» Work instructions
Print the entire listing below word for word, excluding its pictures.

=== Supplied entries ===

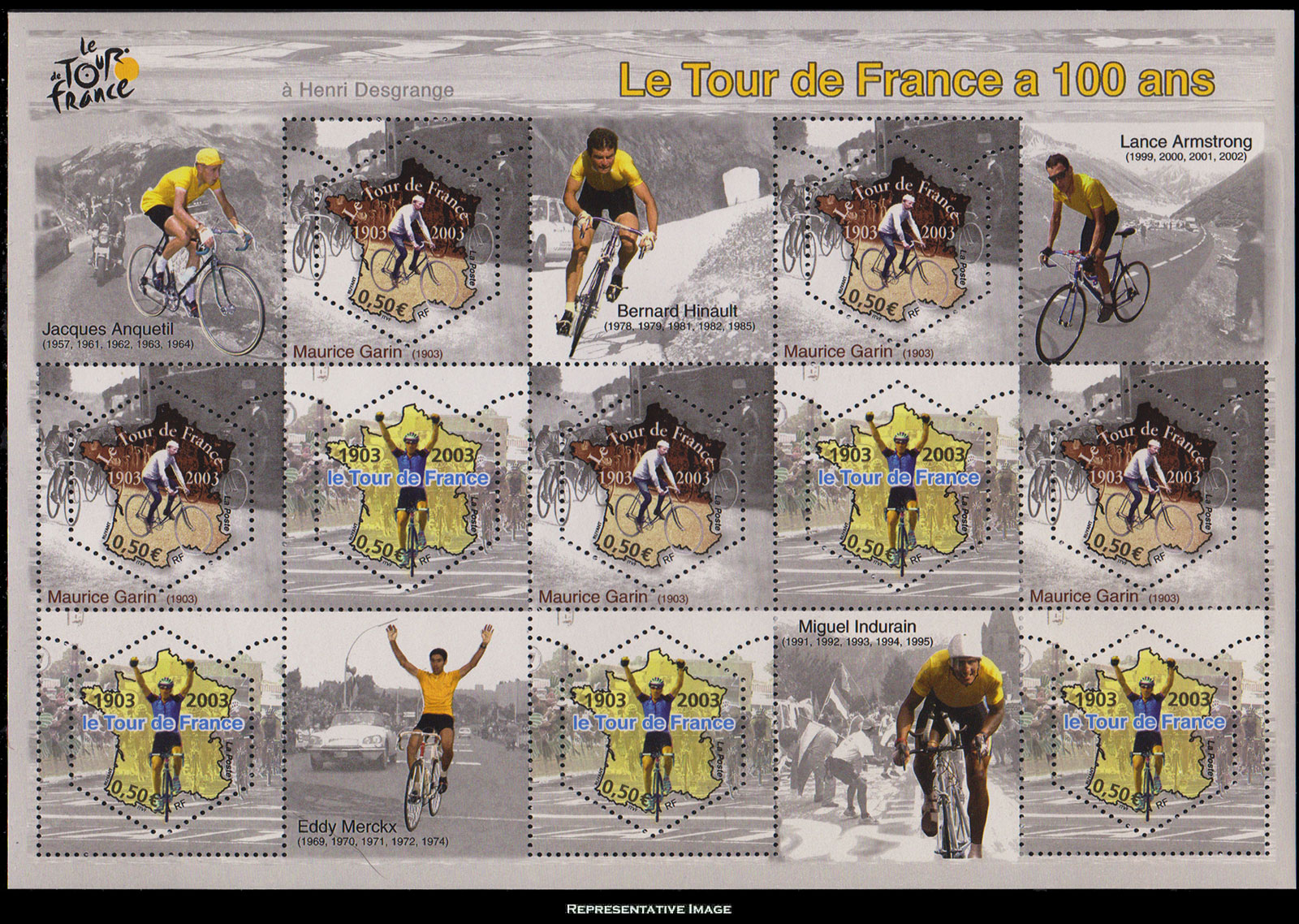 50c Maurice Garin and 50c Cyclist with Arms Raised Vertical Pair (5) Tour de France Se-tenant Miniature Sheet of 10 with 5 Labels. Mint never hinged.Seller Information
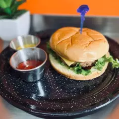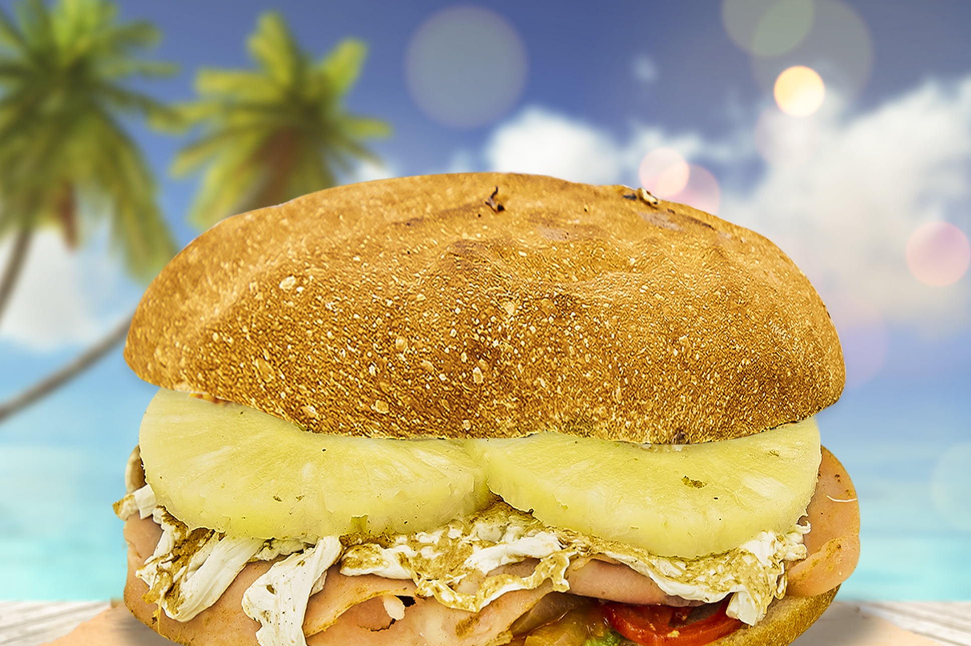 Carne de res, queso amarillo, jamón, piña y salsa BBQ, acompañado de papas a la francesa y bebida a eligir puede ser: Jamaica,. horchata o Coca-Cola.
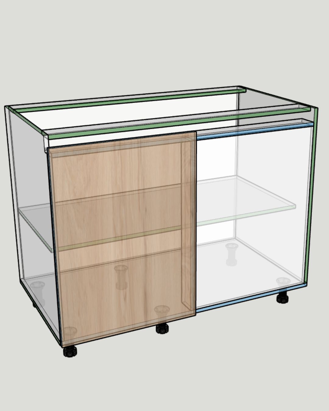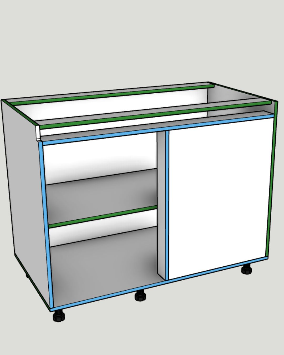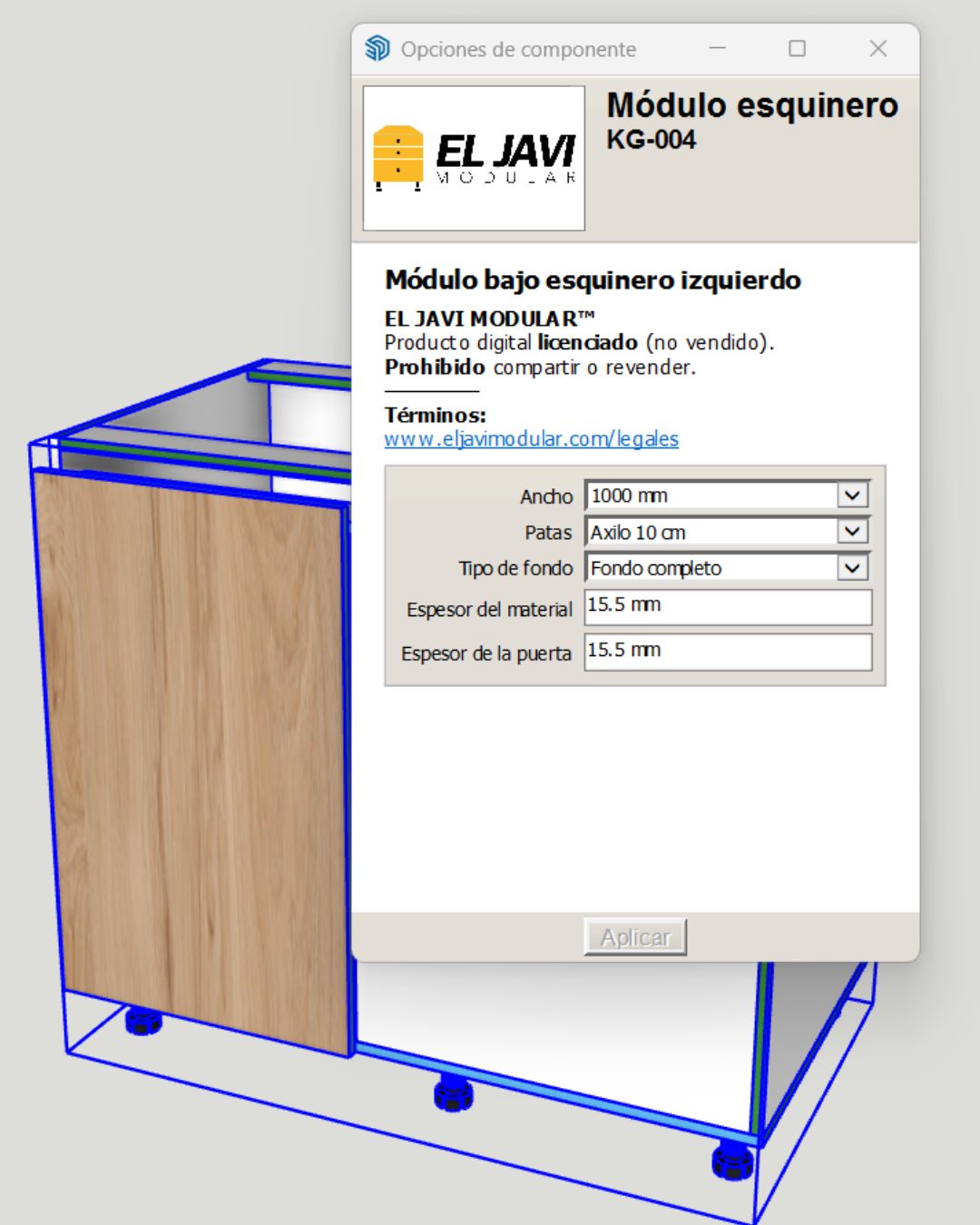 La esquina de una cocina siempre es un cuello de botella en manufactura. Los cálculos manuales del perfil Gola en un módulo ciego son propensos a errores, y cuadrar herrajes de extracción total a menudo resulta en choques entre puertas o pérdida de garantía. El KG-004 automatiza la matemática del módulo esquinero izquierdo. Es paramétrico desde 850 mm hasta 1100 mm en incrementos precisos de 50 mm. Diseñado en base a tolerancias reales de herrajes: a los 1000 mm absolutos, el módulo está calibrado y validado para alojar el extraíble tipo "LeMans" ("Cacahuate") de la marca Häfele o Cerrajes sin ningún conflicto de montaje. Además te da versatilidad estructural extrema: ajusta tener fondo completo o con cargadores para optimizar tablones de melamina, elige el tipo de patas e independiza los espesores tanto de casco como de puerta. Al empujar la información a OpenCutList, los cubrecantos ya van preasignados según el material exterior para agilizar la orden de corte.
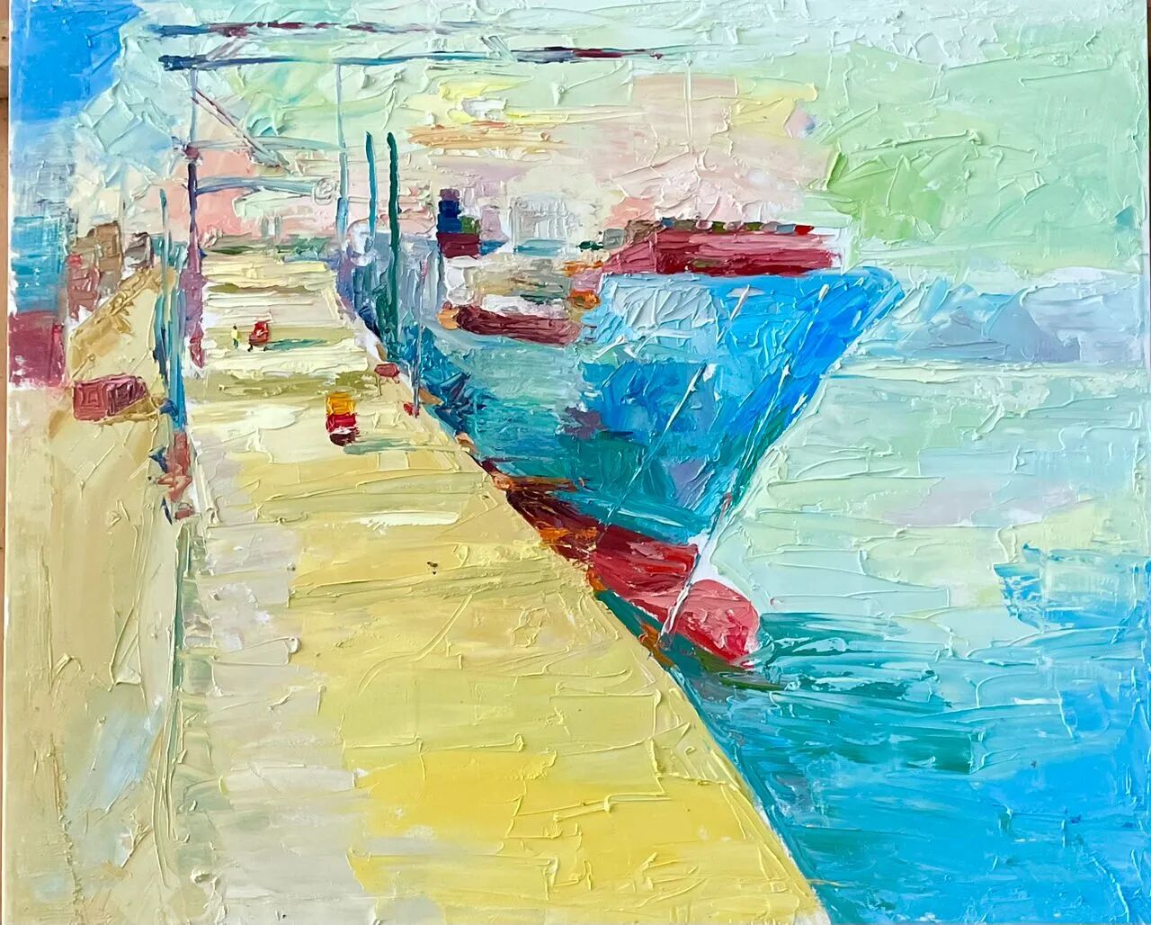 画作以斑斓的色块展现莱基港的壮美景象及其蕴含的蓬勃生机。色彩从暗到亮的渐变,不仅是一种视觉上的渲染,更是象征着一场由无到有的蜕变之旅——港口如何从一片荒芜之地,建设为充满活力的国家门户。
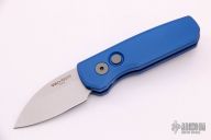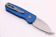 The Runt 5 by Pro-Tech Knives features a tumbled sheepsfoot style blade. The handle features a smooth blue aluminum handle with a bead blasted tip up stainless steel pocket clip. New from maker!
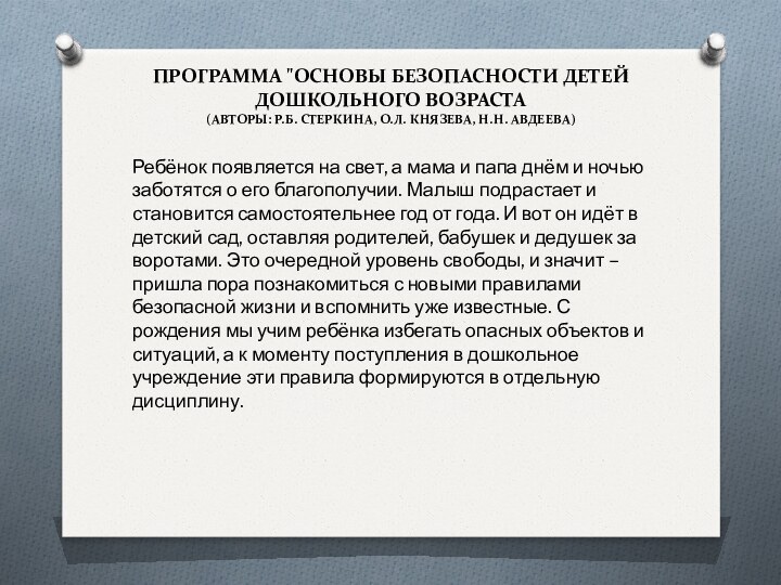 ПРОГРАММА "ОСНОВЫ БЕЗОПАСНОСТИ ДЕТЕЙ ДОШКОЛЬНОГО ВОЗРАСТА

===

» Solution to this exercise
 50c Maurice Garin and 50c Cyclist with Arms Raised Vertical Pair (5) Tour de France Se-tenant Miniature Sheet of 10 with 5 Labels. Mint never hinged.Seller Information
 Carne de res, queso amarillo, jamón, piña y salsa BBQ, acompañado de papas a la francesa y bebida a eligir puede ser: Jamaica,. horchata o Coca-Cola.
 La esquina de una cocina siempre es un cuello de botella en manufactura. Los cálculos manuales del perfil Gola en un módulo ciego son propensos a errores, y cuadrar herrajes de extracción total a menudo resulta en choques entre puertas o pérdida de garantía. El KG-004 automatiza la matemática del módulo esquinero izquierdo. Es paramétrico desde 850 mm hasta 1100 mm en incrementos precisos de 50 mm. Diseñado en base a tolerancias reales de herrajes: a los 1000 mm absolutos, el módulo está calibrado y validado para alojar el extraíble tipo "LeMans" ("Cacahuate") de la marca Häfele o Cerrajes sin ningún conflicto de montaje. Además te da versatilidad estructural extrema: ajusta tener fondo completo o con cargadores para optimizar tablones de melamina, elige el tipo de patas e independiza los espesores tanto de casco como de puerta. Al empujar la información a OpenCutList, los cubrecantos ya van preasignados según el material exterior para agilizar la orden de corte.
 画作以斑斓的色块展现莱基港的壮美景象及其蕴含的蓬勃生机。色彩从暗到亮的渐变,不仅是一种视觉上的渲染,更是象征着一场由无到有的蜕变之旅——港口如何从一片荒芜之地,建设为充满活力的国家门户。
 The Runt 5 by Pro-Tech Knives features a tumbled sheepsfoot style blade. The handle features a smooth blue aluminum handle with a bead blasted tip up stainless steel pocket clip. New from maker!
 ПРОГРАММА "ОСНОВЫ БЕЗОПАСНОСТИ ДЕТЕЙ ДОШКОЛЬНОГО ВОЗРАСТА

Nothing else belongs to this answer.